The decision in Frohwerk v. U.S. is emblematic of a unique moment in our nation’s history, one in which a relatively new democratic republic was subjected to a stringent test of its then-experimental principles of law and justice. The decision provides stark contrast and useful perspective on how dramatically our legal priorities with respect to freedom of expression have shifted. The case should also compel those who value a broad interpretation of First Amendment rights to reflect on the gap that remains between who we think we are, and who our legal history suggests we might be.

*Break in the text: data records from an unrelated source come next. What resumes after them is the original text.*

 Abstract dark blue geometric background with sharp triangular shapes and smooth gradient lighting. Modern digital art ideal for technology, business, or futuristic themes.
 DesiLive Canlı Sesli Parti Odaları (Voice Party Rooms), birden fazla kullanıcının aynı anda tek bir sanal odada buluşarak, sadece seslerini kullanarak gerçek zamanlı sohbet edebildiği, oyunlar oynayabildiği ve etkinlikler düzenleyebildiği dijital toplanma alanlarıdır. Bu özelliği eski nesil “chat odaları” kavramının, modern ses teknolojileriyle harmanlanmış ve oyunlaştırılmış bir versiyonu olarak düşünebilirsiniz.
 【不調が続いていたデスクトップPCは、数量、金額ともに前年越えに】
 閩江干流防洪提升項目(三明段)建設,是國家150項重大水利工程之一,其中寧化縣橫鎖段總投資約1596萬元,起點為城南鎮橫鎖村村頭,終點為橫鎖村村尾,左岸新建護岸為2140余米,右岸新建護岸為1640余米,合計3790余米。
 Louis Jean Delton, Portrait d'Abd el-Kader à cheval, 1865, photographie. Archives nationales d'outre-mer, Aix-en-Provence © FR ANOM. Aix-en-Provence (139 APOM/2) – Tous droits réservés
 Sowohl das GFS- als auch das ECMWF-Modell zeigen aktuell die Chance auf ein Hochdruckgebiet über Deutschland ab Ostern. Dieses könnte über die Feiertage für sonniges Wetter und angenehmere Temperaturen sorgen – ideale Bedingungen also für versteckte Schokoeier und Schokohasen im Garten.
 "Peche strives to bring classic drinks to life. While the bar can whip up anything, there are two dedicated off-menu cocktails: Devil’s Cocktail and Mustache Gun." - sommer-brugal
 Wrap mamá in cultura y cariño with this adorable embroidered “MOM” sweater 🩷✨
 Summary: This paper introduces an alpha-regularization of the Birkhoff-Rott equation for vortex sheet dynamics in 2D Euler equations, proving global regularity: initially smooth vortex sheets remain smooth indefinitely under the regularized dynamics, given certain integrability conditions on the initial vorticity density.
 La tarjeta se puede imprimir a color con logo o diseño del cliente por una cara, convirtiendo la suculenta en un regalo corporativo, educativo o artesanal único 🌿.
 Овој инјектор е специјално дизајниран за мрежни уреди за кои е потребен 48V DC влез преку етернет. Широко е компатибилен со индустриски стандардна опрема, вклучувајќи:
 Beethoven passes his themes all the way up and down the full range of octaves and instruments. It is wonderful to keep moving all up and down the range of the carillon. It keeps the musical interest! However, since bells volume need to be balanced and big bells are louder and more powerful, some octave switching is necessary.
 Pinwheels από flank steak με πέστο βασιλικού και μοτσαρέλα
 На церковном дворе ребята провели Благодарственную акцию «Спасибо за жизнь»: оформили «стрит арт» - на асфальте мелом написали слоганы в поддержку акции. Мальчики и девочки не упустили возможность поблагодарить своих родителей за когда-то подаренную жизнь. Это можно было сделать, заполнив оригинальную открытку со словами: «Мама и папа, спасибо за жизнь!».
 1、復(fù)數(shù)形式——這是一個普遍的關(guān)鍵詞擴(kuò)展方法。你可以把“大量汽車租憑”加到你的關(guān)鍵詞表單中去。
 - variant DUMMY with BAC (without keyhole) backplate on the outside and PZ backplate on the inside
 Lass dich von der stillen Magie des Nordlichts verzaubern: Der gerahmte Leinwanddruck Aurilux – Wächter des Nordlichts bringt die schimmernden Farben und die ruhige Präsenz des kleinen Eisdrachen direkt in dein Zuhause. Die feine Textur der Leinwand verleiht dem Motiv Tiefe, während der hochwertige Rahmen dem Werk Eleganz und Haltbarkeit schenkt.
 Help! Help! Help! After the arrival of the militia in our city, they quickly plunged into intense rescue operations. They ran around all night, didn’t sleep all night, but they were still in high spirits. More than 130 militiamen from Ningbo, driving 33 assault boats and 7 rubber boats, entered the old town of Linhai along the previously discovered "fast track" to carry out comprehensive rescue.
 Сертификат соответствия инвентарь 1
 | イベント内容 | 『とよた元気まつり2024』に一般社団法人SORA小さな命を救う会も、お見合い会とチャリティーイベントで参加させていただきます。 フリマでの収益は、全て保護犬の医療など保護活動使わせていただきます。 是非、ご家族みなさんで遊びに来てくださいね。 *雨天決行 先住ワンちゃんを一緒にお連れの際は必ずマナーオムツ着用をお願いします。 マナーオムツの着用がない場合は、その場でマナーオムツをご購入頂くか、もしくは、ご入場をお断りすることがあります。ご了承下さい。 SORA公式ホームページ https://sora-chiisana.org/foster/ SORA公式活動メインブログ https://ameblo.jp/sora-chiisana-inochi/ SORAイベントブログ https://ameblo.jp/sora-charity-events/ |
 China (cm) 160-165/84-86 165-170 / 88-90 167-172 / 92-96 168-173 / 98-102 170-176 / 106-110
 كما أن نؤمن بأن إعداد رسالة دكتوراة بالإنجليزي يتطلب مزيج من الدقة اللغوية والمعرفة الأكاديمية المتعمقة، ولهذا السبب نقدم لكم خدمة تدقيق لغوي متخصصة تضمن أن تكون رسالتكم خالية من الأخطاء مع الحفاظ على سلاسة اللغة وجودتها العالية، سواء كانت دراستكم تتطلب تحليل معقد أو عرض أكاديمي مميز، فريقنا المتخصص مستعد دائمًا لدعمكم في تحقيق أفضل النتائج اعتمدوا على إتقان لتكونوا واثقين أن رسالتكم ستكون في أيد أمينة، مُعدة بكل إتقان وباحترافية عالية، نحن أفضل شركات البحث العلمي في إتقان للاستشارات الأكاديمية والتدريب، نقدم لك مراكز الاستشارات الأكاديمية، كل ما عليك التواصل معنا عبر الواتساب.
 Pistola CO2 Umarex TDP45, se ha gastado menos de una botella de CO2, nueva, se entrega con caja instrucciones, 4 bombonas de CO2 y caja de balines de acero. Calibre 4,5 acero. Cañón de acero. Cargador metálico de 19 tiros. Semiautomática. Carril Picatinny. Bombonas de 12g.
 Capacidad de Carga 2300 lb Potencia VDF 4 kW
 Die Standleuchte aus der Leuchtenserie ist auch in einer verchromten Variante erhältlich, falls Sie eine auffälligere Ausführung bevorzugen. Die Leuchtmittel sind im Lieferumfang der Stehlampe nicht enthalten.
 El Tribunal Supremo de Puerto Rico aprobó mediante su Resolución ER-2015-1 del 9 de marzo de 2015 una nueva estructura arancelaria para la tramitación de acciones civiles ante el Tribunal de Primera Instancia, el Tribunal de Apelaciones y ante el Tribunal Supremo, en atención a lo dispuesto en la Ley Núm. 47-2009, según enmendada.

[1] Stephen M. Feldman, Free Speech, World War I, and Republican Democracy: The Internal and External Holmes, 6 First Amend. L. Rev. 192 (2008).

[2] Frohwerk v. US, 249 U.S. 204 (1919).

[3] Id. at 207.

[4] Id. at 205.

[5] Id. at 209.

[6] Id. at 210.

[7] Id. at 206.

[8] Feldman, 195.

[9] Feldman, 196.

[10]  Id.

[11] Id. at 197.

[12] Id. at 201.

[13] Id.

[14] Sedition Act of 1917, Pub. L. No. 65-150, 40 Stat. 553 (1918) (repealed 1920).

[15] Feldman, 202.

[16] Frohwerk, 249 U.S. 204, 210 (1919).